The sound of someone knocking at the door froze Harry where he stood in the hallway. From that angle he could see a silhouette through the frosted pane.
And he knew.
Somehow he just
knew
.
Harry
was all that I said when he opened the door.
Johnnie
, Harry replied, and stepped back to allow me to enter a house he had once believed would never be visited by the past.
It’s been a good few years Harry, I said, and walking past him I made my way to the kitchen, sat down at the table as if this was indeed
my
home, and when Harry came through and sat facing me there was silence for more seconds than he could bear.
Once fool you, twice fool me, I said. Getting to think you might not be the man of your word that you once were Harry.
Not going to try and explain things Johnnie, Harry said. Just gonna say that things are good here and I am not prepared for trouble.
Trouble? I asked. I’m not coming to cause trouble Harry … just to ensure that all’s well between us, you know? Spent these past years sweating my skin off in Mexico, thinking that maybe next month, maybe the month after, Harry Rose will get a message to me, send me some money, make things right. You know what I mean?
Harry nodded. I know what you mean Johnnie.
So finally I figured that maybe Harry Rose had forgotten about his little friend from way back when, and I thought to paying you a visit.
And so you’re here.
I smiled. And so I’m here.
And what kind of payback would you be requiring Johnnie?
Figure I get as much as you did Harry.
Money’s gone Johnnie … all the money we had is gone. Bought a little business, bought this house … earning a wage like a good American citizen these days. Had a family to raise, and when you do things legal nothing comes cheap, if you know what I mean?
I shook my head. I didn’t know what he meant. I have lived all these years waiting for my money. Gave up my own family for the life, you know? Coulda been me here with a wife an’ a kid an’ all, but no, what we were doing was always more important than what I wanted. Seems to me now you didn’t share the same sentiment Harry. I came back here just for my money. If I’d known there was no money I wouldn’t have taken the time to find you.

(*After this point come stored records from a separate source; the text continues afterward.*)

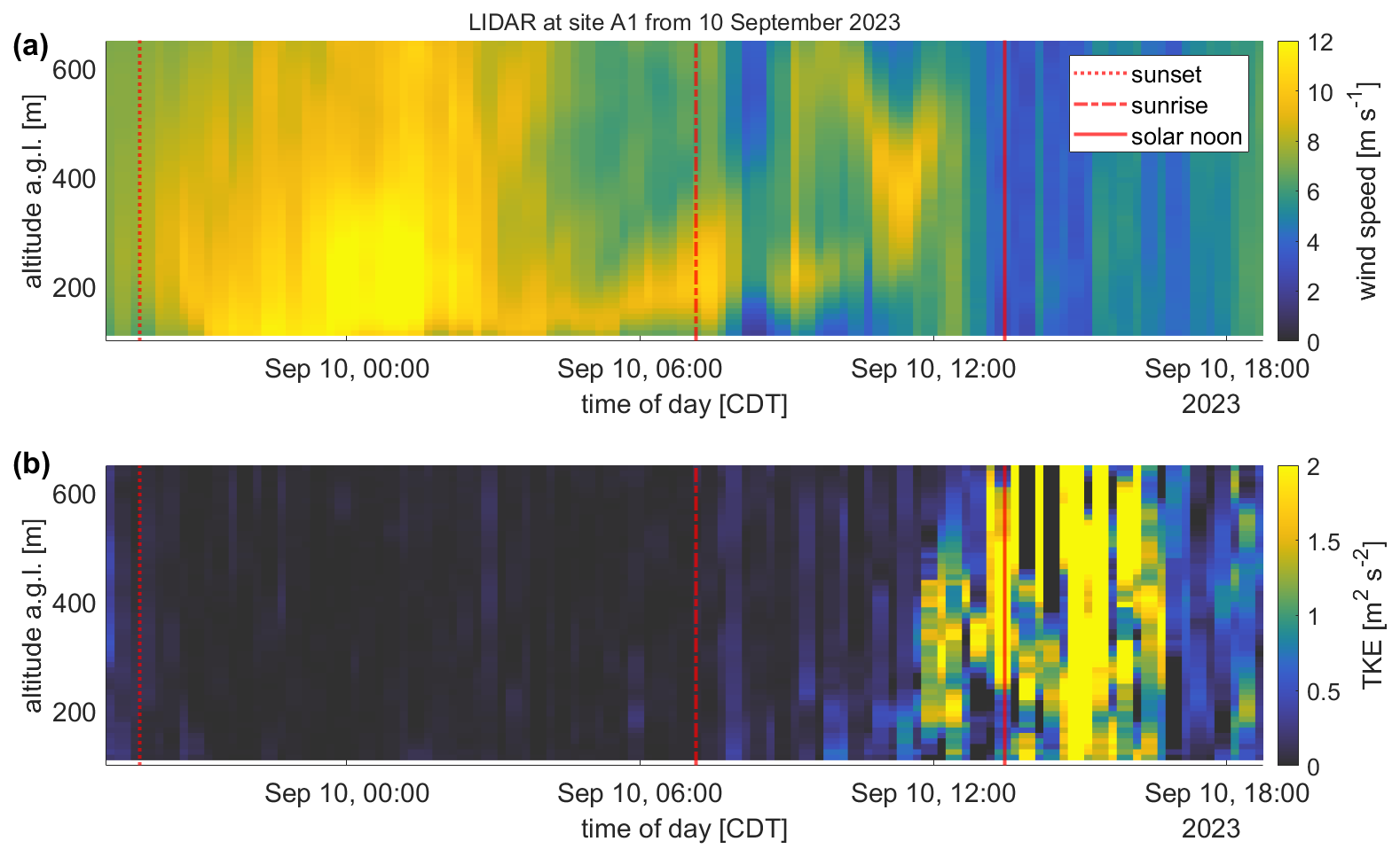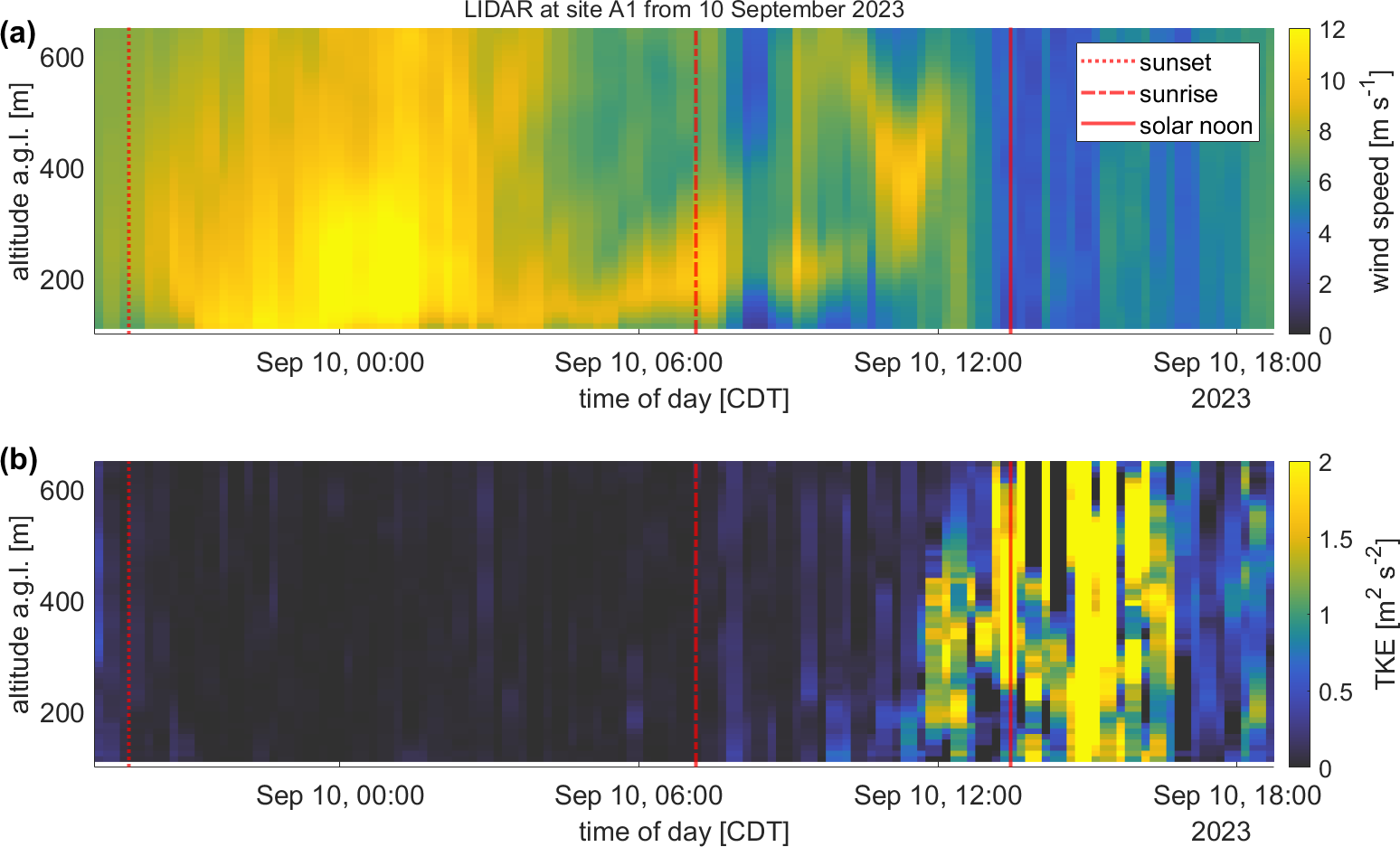 Figure 5Time series of wind speed (a) and TKE (b) over altitude a.g.l. from 9 September 2023 at 19:00 CDT to 10 September 2023 at 19:00 CDT based on lidar measurements at Site A1, upstream of the King Plains wind farm, with sunset (dotted red line), sunrise (dashed-dotted red line), and solar noon (red line) as an example of the diurnal cycle of the wind speed (a) and the TKE (b) in the SGP region during the aircraft measurement period. Lidar data are available from Bodini et al. (2025).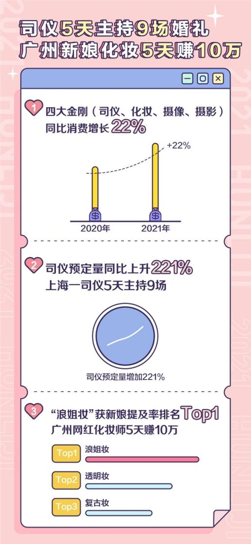 “快要忙瘋了,五一5天辦了150多場婚禮,第一天就有60場,去年這時候婚禮只有個位數(shù),今年我們員工都加班加點連夜趕工搭建場地。”婚禮紀商家Sunny喜鋪婚禮副總趙佳佳在接受采訪的時候表示,不僅商家忙,新人也非常忙,Z世代的新人都習(xí)慣于通過線上咨詢、直播下單等互聯(lián)網(wǎng)形式進行婚禮消費,省去了線下奔波的時間。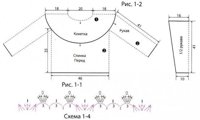 Рукава. Начинаем их вязать в проймах по схеме 1-2 сверху-вниз, начиная от края кокетки. Когда рукава достигнут нужной длины, их край необходимо обвязать узором схемы 1-4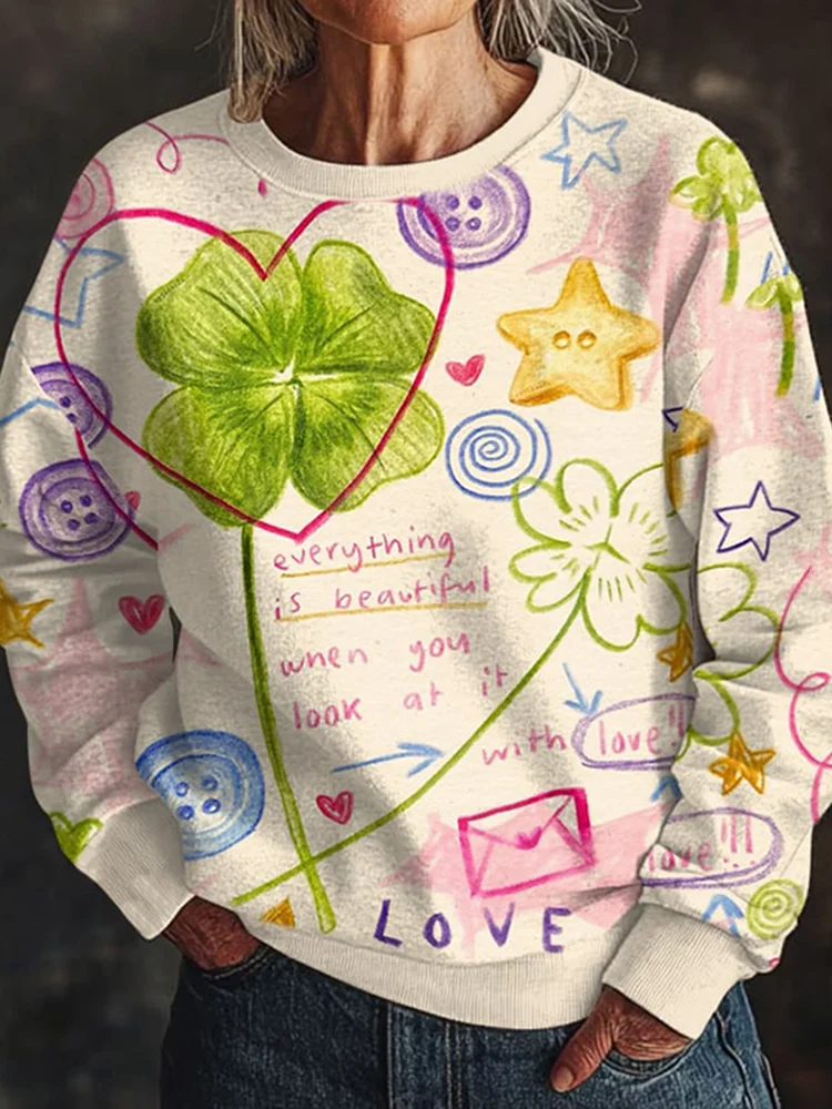 Women's St. Patrick's Day Graffiti Shamrock Print Sweatshirt

Harry looked at me with the face of an honest man. There ain’t no money Johnnie, and that’s the truth … and you made the decision not to have a family Johnnie. That was your decision and your decision alone.
I was quiet for a time. In my mind I was killing him, killing him like I’d killed a guy for seventeen bucks and change a thousand years before.
So if there’s no money Harry I reckon you can pay me back in kind, I said.
I could tell that Harry Rose went cold and loose inside. I watched his eyes, and they were the eyes of a guilty man. Seven years in Rikers, all those years in Mexico seeing men hiding from the law had taught me the difference between innocence and guilt.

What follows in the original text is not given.